Directors, particularly non-executive directors, who may sit on other boards, in whatever capacity, and which has a business relationship with one another, should sign a declaration to that effect. Such a declaration should be made public.
It is also imperative that the Code of Best Practice be scrupulously observed by all listed companies. I am inclined to suggest that this code should be extended to include the private limited companies and government-owned/government-controlled companies and/or corporations. I trust that the authorities have been monitoring the observance or otherwise of the code. If the observance of the code is not up to scratch then it is high time that the authorities regulate or legislate without undue delay.

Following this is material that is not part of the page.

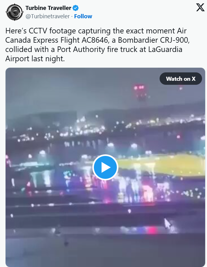 美国调查人员最新披露了周日纽约拉瓜迪亚机场客机与消防车相撞事故的最新进展,指出事故发生前一系列关键安全环节接连失效。
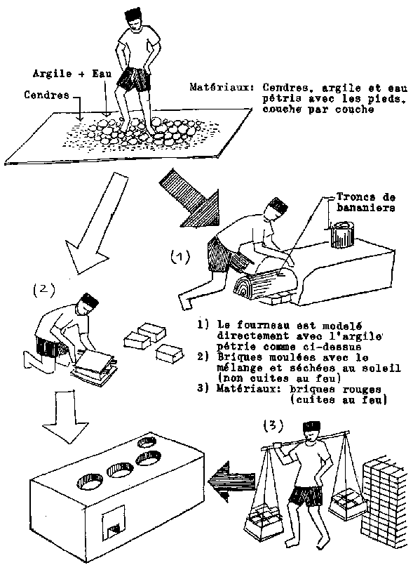 Les fourneaux de type traditionnel durent à peine une année. C'est pourquoi nous avons accordé une attention particulière à la question du matériau et entrepris divers essais en vue d'assurer aux nouveaux modèles une plus grande longévité. Comme matière de base, nous avons choisi la glaise à l'état cuit, séché ou humide. Pour renforcer la glaise, ou peut mélanger de la sciure de bois, des cosses de riz, de la paille de riz ou des cendres. Trois méthodes de construction ont été choisies: briques cuites, briques séchées et glaise. Elles sont représentées dans l'annexe 17.

The issue of institutional investors surely deserved a short reference. The code definitely needs to cater adequately for these entities. In the interest of institutional shareholders, the need to protect effective autonomy in the exercise of voting rights by institutional investors, which in many instances are themselves controlled directly or indirectly by the boards of the plcs themselves, or by the majority shareholder of the plc, is imperative.
This issue cannot be overlooked again. At the very least the institutional investor should be obliged to make full disclosure of its voting decisions. Ideally, where the institutional investor has to vote in general meeting of its parent organisation, then such voting rights should be delegated to an independent group of investors, which more widely represent the true identity of the beneficial owners of the investment managed by the institutional investors.
In an endeavour to assist the truly independent director in the exercise of his duties and obligation as a director, the code should grant the independent director the automatic right to revert to the appropriate authority/regulator, in cases where he considers his position on the board as becoming untenable due "to oppression" from other members of the board, particularly in the case of a majority shareholder.
A mechanism should also be in place to enable all or any of the independent directors to communicate with shareholders on issues that they believe are of interest to them (the shareholders).
Independent directors should also have the liberty to seek independent legal advice on how to carry out their duties as directors. Costs in connection with such action(s) are to be borne by the plc concerned.
John G. Borg-Bartolo, FCIB is a former senior Central Bank executive and a former non-executive director on the board of HSBC Bank Malta plc. He also served for eight years as bank inspector, a ministerial appointment.